General Energy Policy, Energy Strategy
The Bangladeshi Energy Strategy of 1996 with its actualisation in 2002 is the main document of the promotion of RE It focusses on energy supply in rural areas. In December 2009 the "Renewable Energy Policy for Bangladesh was ratified. It was intended to integrate this policy paper into the New Energy Policy (NEP). The NEP was developed in 2006 by the "Renewable Energy and Energy Efficiency Programme" in cooperation with the UNDP.
The Renewable Energy Policy (Download PDF; 83 kB)[25] contains the following parts:
- Overview of potentials of RE sources
- Institutional arrangements in the RE sector (above all the responsibilities of the Sustainable Renewable Energy Authority (SREDA) which has been approved on Monday 18th of July 2012[26]
- Resource, technology and program development
- Investment and fiscal incentives
- Regulatory Policy
The Rural Electrification Board (REB) has recently announced that 2.70 million households will be connected with the power-supply network by 2021. The REB wants to cover all the villages across Bangladesh with two seperate projects. After completion of the project, all the rural Bangladesh shall have electricity coverage.
The state-owned rural electricity provider is currently implementing some 16 electricity-distribution projects. Those include connection to roughly 5.8 million consumers.[27]
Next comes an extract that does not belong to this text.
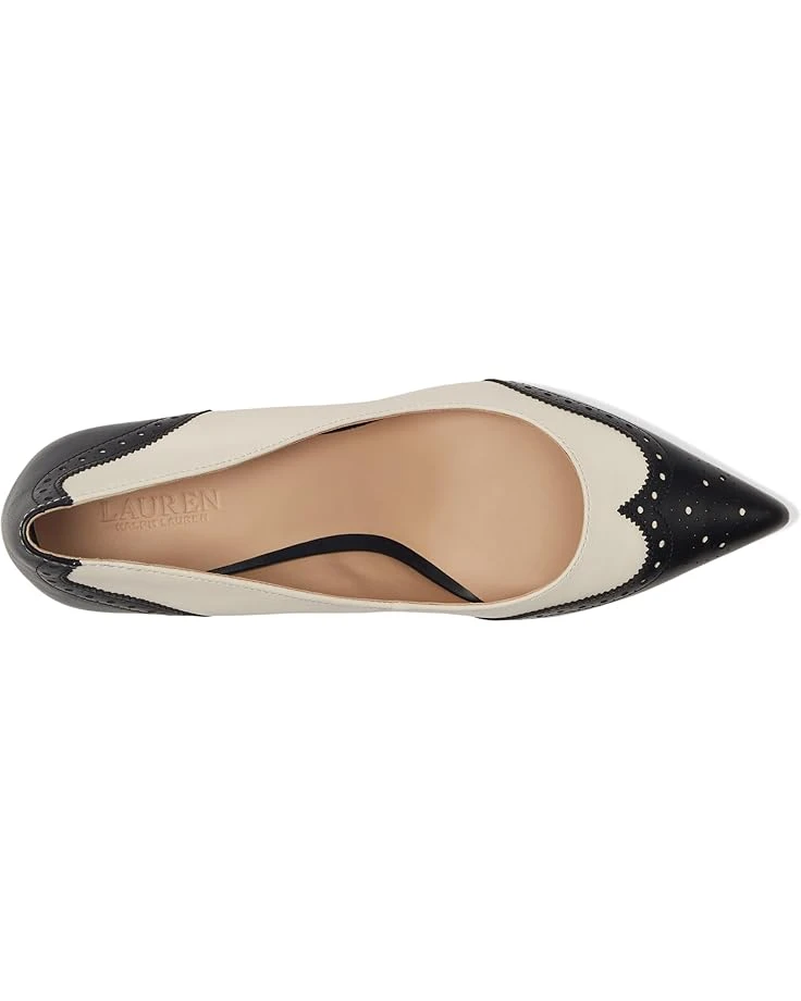 - The sleek silhouette of the Lauren Ralph Lauren® Adrienne Leather Wingtip Pumps is released in sumptuous full-grain leather for a smart Lauren Ralph Lauren staple. They are detailed with an “LRL” logo on the back for a signature finishing touch. These heeled pumps are crafted with a leather upper, padded EVA insole, and leather lining.

(Intended) Nationally Determined Contributions
In the INDC, the government announced to install 3000 Mega Watts of solar energy and continue to promote off-grid solar energy as well as improved cook stoves. It looks like the GoB is following a parallel strategy: on the one hand, increase power generation based on coal, on the other hand offer projects in the field of on-grid and off-grid solar electrification and stoves to be supported by donors.[28]
Specific Strategies (Biomass, renewable energies, rural electrification, energy access strategy etc.)
The Private Sector Power Generation Policy (Download PDF; 135kB)[29] shall attract private investment for installing new power generation capacity on build-own-operate (BOO) basis.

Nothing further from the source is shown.